▸ Material for the task

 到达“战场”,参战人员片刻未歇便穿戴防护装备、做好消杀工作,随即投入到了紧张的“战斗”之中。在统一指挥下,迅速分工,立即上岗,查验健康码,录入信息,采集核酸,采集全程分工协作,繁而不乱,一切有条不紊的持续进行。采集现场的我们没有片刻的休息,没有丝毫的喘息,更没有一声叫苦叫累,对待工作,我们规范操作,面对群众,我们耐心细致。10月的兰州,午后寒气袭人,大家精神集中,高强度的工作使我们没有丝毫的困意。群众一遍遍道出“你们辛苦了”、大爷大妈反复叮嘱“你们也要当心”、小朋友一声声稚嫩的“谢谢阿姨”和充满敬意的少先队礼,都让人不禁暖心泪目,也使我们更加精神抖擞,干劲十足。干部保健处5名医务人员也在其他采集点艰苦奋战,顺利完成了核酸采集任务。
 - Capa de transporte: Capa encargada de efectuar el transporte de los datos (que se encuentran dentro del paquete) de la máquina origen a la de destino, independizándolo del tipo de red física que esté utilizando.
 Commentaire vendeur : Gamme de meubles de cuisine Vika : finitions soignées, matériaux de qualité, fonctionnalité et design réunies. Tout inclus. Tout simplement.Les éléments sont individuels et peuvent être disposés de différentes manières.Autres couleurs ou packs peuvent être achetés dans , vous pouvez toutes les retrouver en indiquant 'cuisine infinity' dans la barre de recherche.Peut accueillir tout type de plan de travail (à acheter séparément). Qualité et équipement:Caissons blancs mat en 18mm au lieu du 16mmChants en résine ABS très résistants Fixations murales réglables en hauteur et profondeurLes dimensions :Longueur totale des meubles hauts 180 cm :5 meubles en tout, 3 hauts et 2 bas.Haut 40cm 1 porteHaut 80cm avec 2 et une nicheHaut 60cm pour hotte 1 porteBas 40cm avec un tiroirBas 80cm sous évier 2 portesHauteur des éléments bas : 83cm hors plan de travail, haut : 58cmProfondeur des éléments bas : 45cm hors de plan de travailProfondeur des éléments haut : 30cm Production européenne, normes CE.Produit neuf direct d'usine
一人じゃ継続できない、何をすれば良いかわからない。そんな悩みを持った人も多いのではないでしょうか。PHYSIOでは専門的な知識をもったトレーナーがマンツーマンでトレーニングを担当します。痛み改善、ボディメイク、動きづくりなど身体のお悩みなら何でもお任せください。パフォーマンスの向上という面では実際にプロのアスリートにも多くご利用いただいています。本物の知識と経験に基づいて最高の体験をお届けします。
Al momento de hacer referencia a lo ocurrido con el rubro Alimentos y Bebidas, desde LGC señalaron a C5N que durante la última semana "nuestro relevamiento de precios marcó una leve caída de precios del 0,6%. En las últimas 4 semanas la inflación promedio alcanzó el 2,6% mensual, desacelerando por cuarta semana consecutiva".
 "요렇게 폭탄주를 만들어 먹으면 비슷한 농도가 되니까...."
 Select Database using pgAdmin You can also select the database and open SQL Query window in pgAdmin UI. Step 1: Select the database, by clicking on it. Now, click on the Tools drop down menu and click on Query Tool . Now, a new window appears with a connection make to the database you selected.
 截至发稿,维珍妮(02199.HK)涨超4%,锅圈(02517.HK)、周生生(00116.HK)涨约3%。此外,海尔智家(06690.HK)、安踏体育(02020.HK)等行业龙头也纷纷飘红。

--

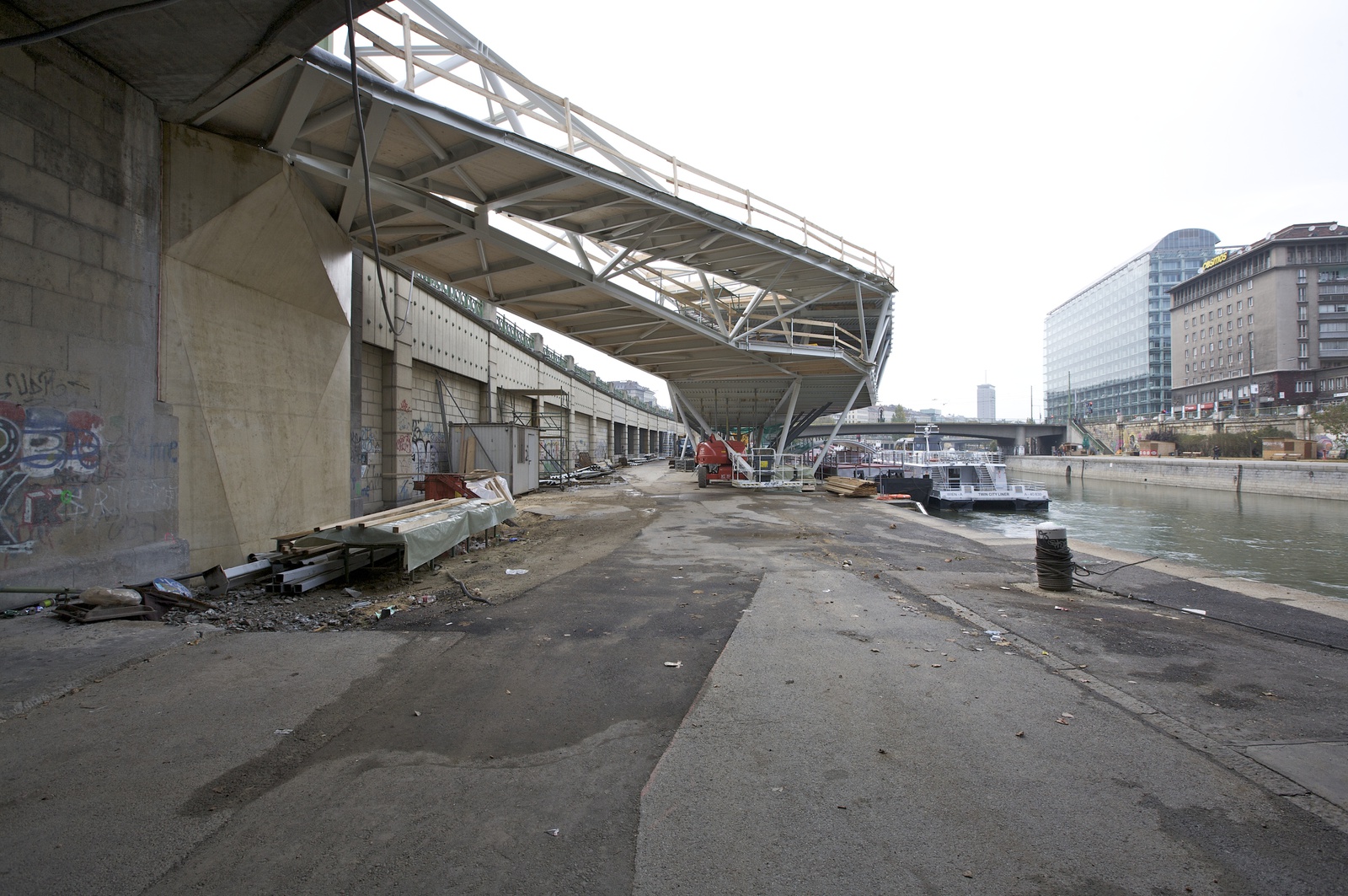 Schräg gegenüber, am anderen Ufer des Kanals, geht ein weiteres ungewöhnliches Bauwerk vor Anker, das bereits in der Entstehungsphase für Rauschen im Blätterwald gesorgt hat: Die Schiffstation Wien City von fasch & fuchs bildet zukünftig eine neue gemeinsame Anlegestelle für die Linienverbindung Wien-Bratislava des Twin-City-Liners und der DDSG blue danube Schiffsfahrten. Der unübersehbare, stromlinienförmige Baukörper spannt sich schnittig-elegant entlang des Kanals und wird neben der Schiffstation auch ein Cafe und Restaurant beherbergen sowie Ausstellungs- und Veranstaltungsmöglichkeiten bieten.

* * *

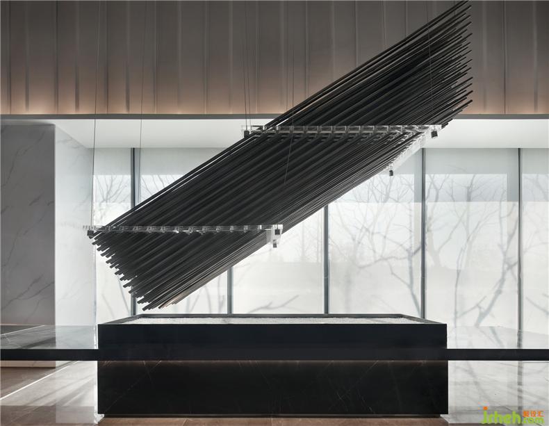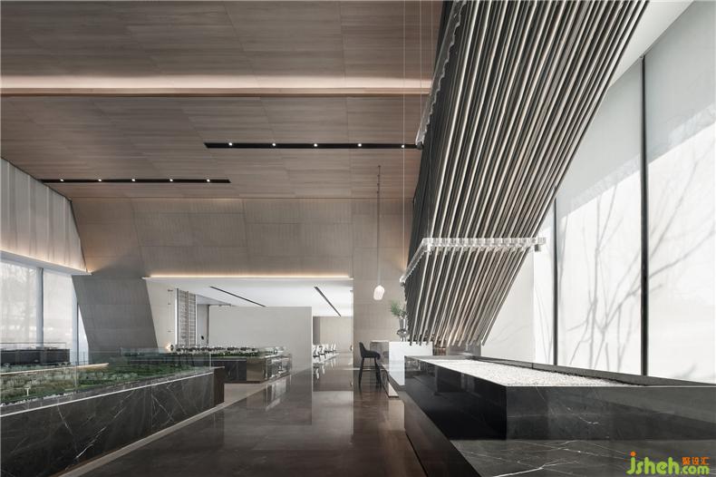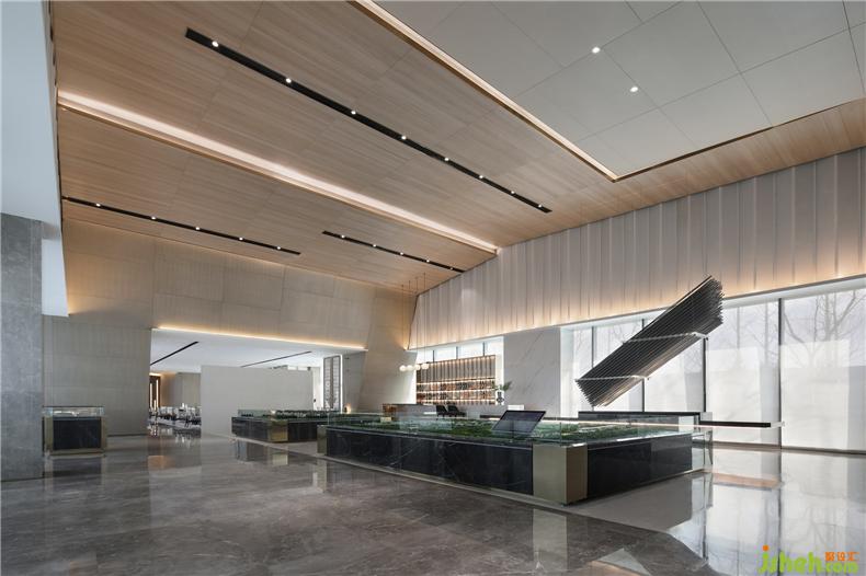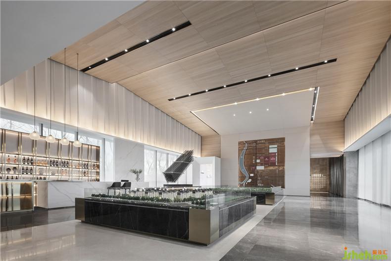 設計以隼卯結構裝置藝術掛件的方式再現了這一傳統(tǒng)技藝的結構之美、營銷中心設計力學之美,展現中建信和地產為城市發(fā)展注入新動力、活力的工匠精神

▸ Exercise directions
For the lines above, output exactly those from the line containing "폭탄주를 만들어 먹으면" through the line containing "截至发稿,维珍妮(02199", and skip the others.

▸ Response
 "요렇게 폭탄주를 만들어 먹으면 비슷한 농도가 되니까...."
 Select Database using pgAdmin You can also select the database and open SQL Query window in pgAdmin UI. Step 1: Select the database, by clicking on it. Now, click on the Tools drop down menu and click on Query Tool . Now, a new window appears with a connection make to the database you selected.
 截至发稿,维珍妮(02199.HK)涨超4%,锅圈(02517.HK)、周生生(00116.HK)涨约3%。此外,海尔智家(06690.HK)、安踏体育(02020.HK)等行业龙头也纷纷飘红。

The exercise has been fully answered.